Garmin Watch Katie Pic.JPG

Imagine this…after a long day at work, you muster up the willpower, throw on your running garb, squeeze your feet into your bike shoes or yank on your swimsuit for a workout. Against every fiber of your being, you pull energy from seemingly nowhere and step outside, hop on the trainer, or jump in the water. You turn on your training device and wah wah wah, it stops working! You don’t receive heart rate, pace, cadence, power…whatever it is that you want or NEED to track. 

We’ve become evermore reliant on technology to provide us with helpful data. Coaches prescribe, tailor and assess workouts based on a number of parameters such as cadence, pace, power, and heart rate. As athletes we rely on this information to meet goals during the workout, but the completed workout also becomes part of our log. We even tease each other, “if your device didn’t record it, it didn’t happen.”

So what to do when our training device fails? It inevitably does, whether it’s a connectivity problem, a battery problem or even worse a software programming issue! Should we take a hammer to the device and pulverize it? Oh, I’ve recently spent several trainer rides envisioning that option when my device kept failing. Thankfully, I didn’t follow through with my grand plans for a temporarily gratifying solution. Several chats with helpful and knowledgeable tech support and a software update later; it’s working and I’m back on track.

When technology fails, what can an athlete do besides exclaim obscenities? Use it as an excuse to bail altogether? My advice is to just press on. Not the “ON” button - maybe pressing OFF would be good actually. What I mean is, just keep going.

Don’t give up. Instead, go “old school.” In the not too distant past we trained with nothing more than a stop watch.
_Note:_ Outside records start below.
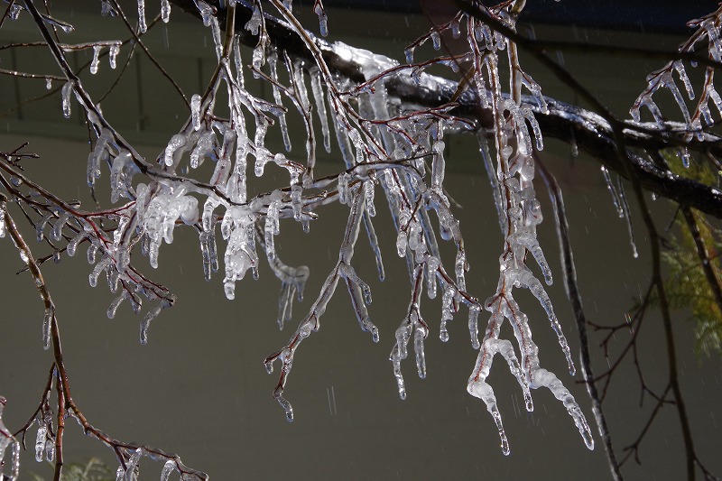 あづみの学校の屋根の積もった雪がとけ始めると、水滴が落ちて軒下の木の枝に張り付きます。夜の間に凍って枝全体がコーティングされています。
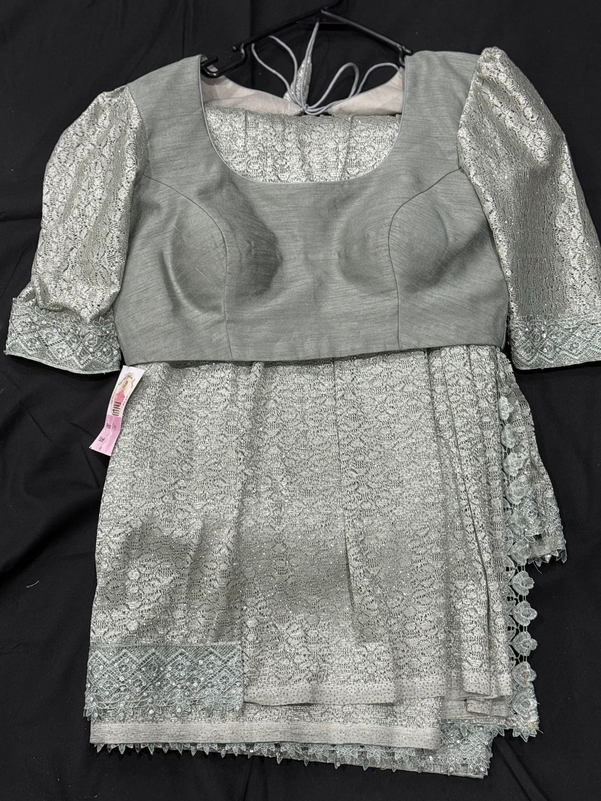Beautiful pastel green partywear shimmering saree stitched blouse stone and lace wedding reception cocktail partywear saree size 38 to 42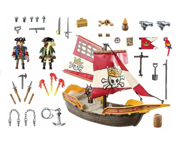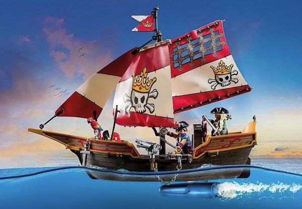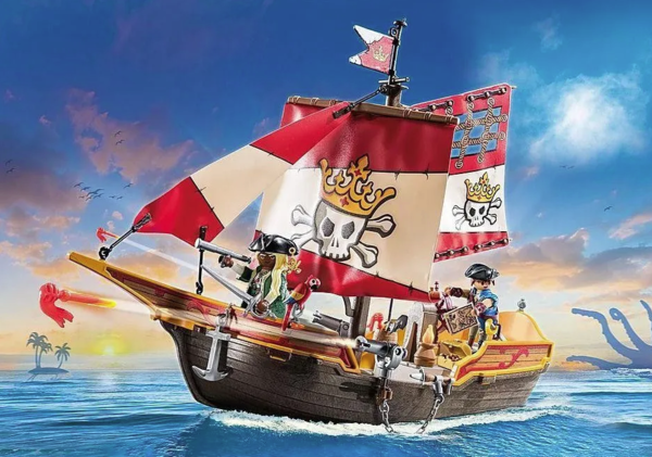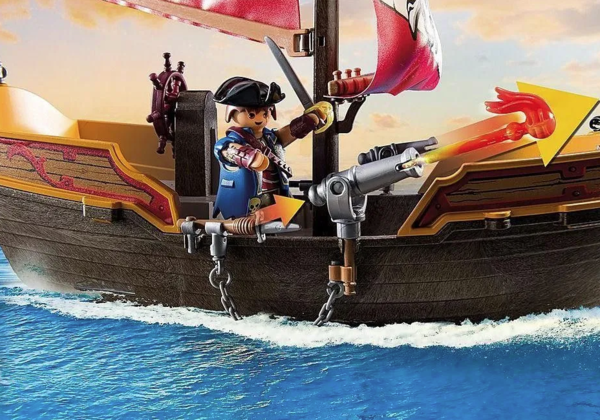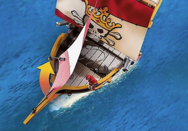 Пиратское приключение зовёт! С маневренного плавучего корабля, принадлежащего пиратской королеве, вы сможете атаковать вражеские корабли или отбиваться от опасностей пиратского мира. Благодаря вращающимся и наклоняющимся пушкам нападающие быстро сдаются. Теперь ничто не помешает вам в поисках спрятанных пиратских сокровищ... Поднимите паруса и отправляйтесь в плавание вместе с королевой пиратов и ее командой! Необычные пиратские приключения ждут всех любителей пиратства на пиратском корабле PLAYMOBIL.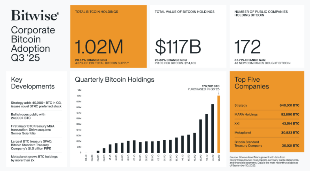در گزارش سهماهه سوم شرکت بیتوایز (Bitwise) با عنوان «گزارش پذیرش سازمانی بیت کوین»، آمده است که در حال حاضر ۱۷۲ شرکت دارای ذخایر بیت کوین هستند و از این میان، ۴۸ شرکت در سهماهه اخیر به این فهرست اضافه شدهاند. ارزش کل بیت کوینهای ترازنامه این شرکتها نیز نسبت به فصل قبل ۲۸٪ رشد کرده و به ۱۱۷ میلیارد دلار رسیده است.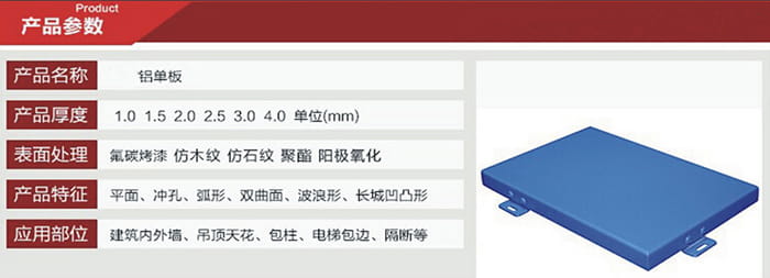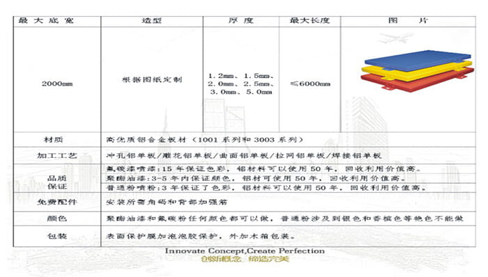 產(chǎn)品厚度: 厚度有1.2mm、1.5mm、2.0mm、2.5mm、3.0mm、4.0mm等各種規(guī)格,成型鋁單板最大尺寸可達(dá)1500x7000mm。
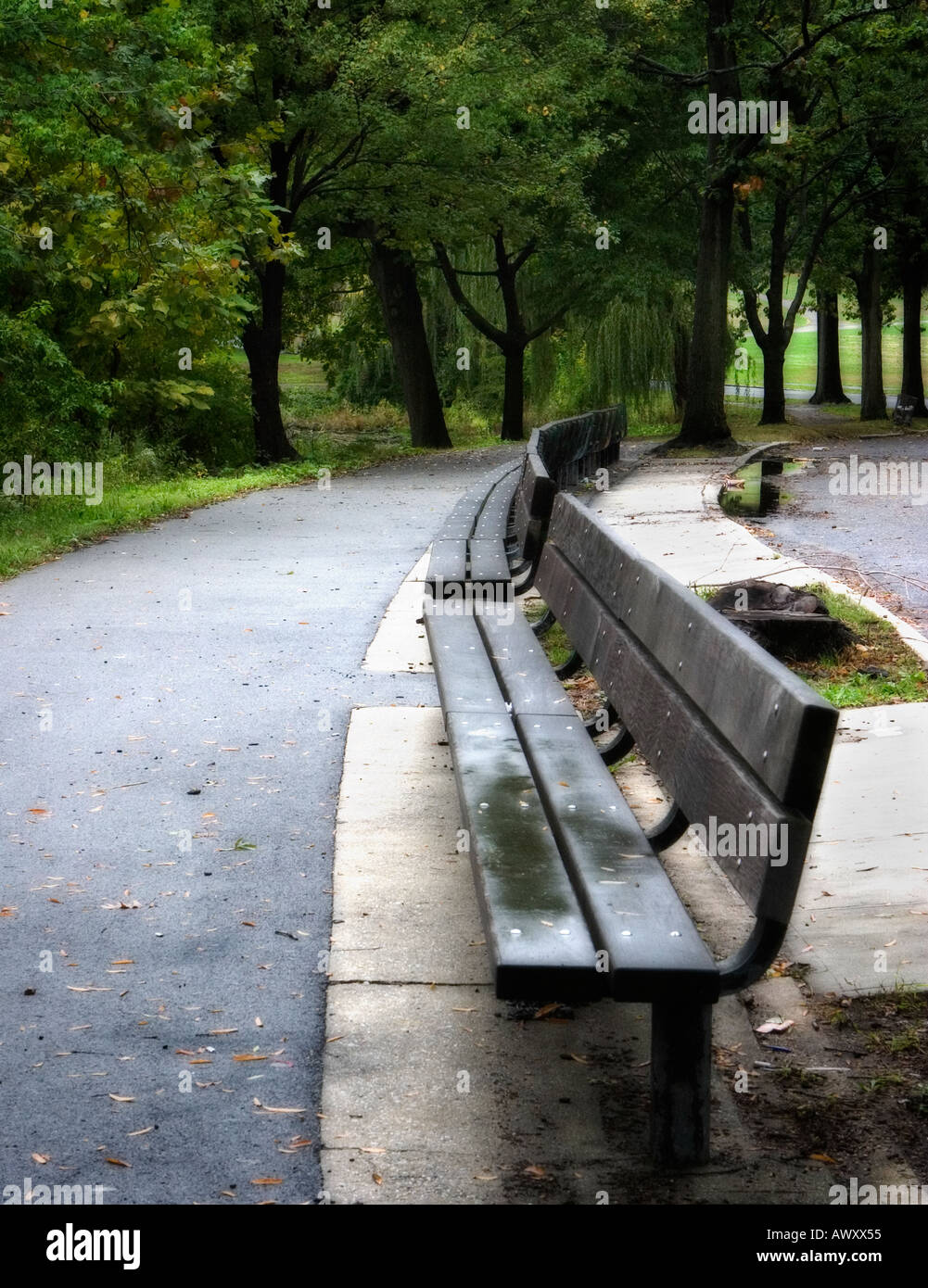 Central Park Bench On A Rainy Fall Day Stock Photo 17e42084 5970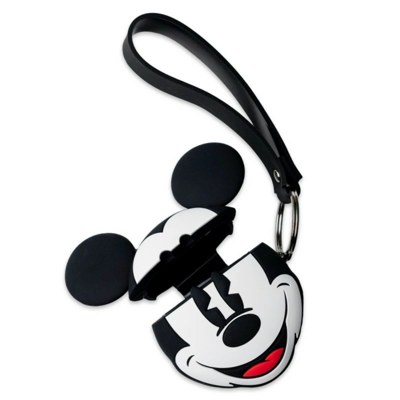 Mickey will help you keep your wireless headphones safely stowed when not in use with this case. Perfect for use with ear buds or AirPods, the flip up case is also equipped with split key ring and clasp so you can attach it to your keys or a bag!
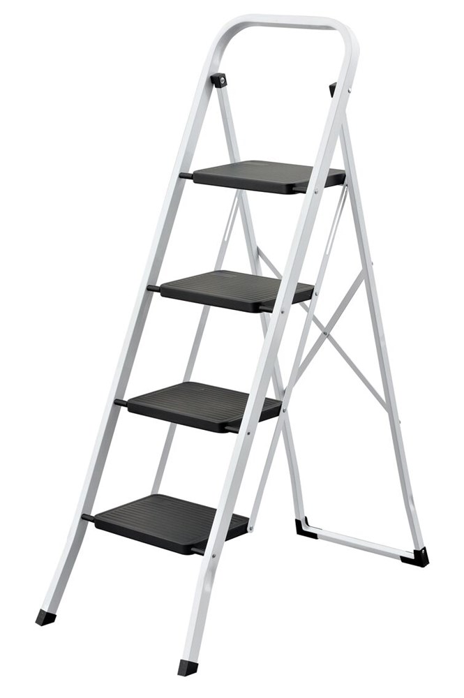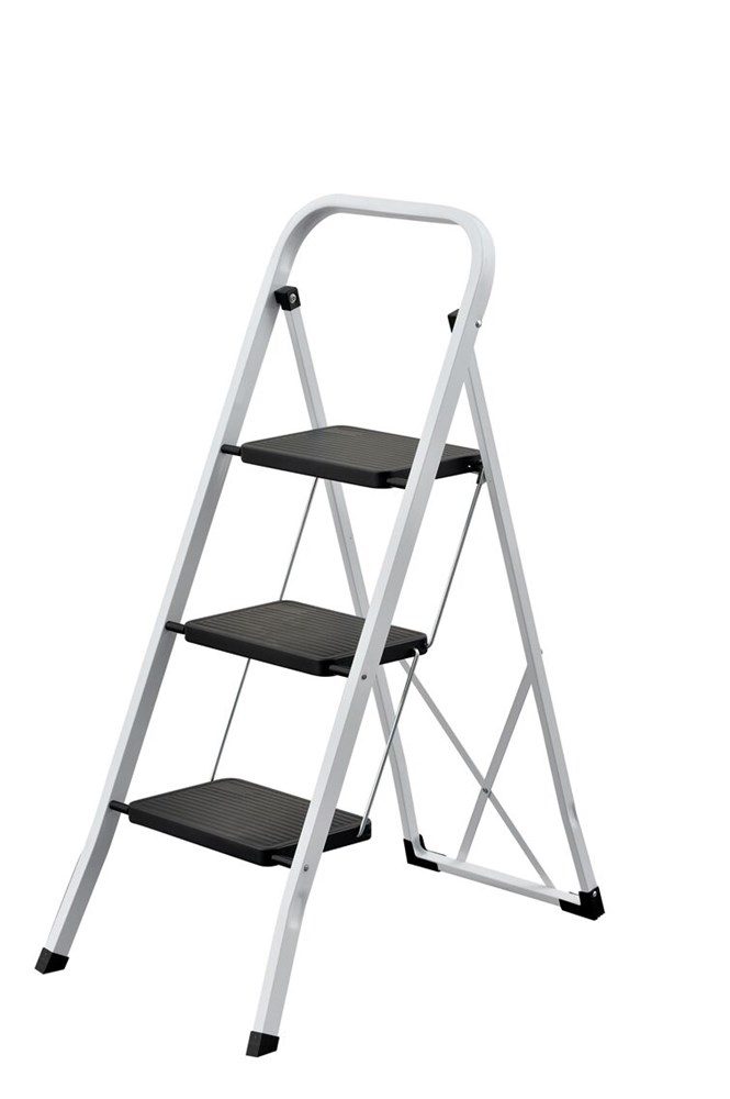 Taburete de una subida, con guardacuerpo para uso doméstico.

In the pool, we used a poolside timer. For heart rate, we stopped and counted beats per second. We didn’t have power output on our road bikes, unless we were in a research lab. 

Use what you have on hand like your phone’s stopwatch (another piece of tech that is hopefully charged and working), and your brain. Do the math to determine your splits. Take your pulse at your wrist: count the beats for 15 seconds and multiply by 4 to get your beats per minute. 

Most importantly, listen to your body. It will tell you what to do. How do you feel? What is your rate of perceived exertion (RPE)? Are you supposed to be pushing your threshold? If so, go for a “feels like” hard difficulty level.  Be flexible, and know it’s not just ONE workout that makes or breaks your training. It’s consistency and effort that lead to success. So allow yourself a moment of frustration when things don’t work as planned, and then let it go, press on and go “old school.” Soon you will get your device working and will have that precious data  back. Even though you may end up without any technological proof of your workout, you know you did it and so does your body, and that’s really all that matters.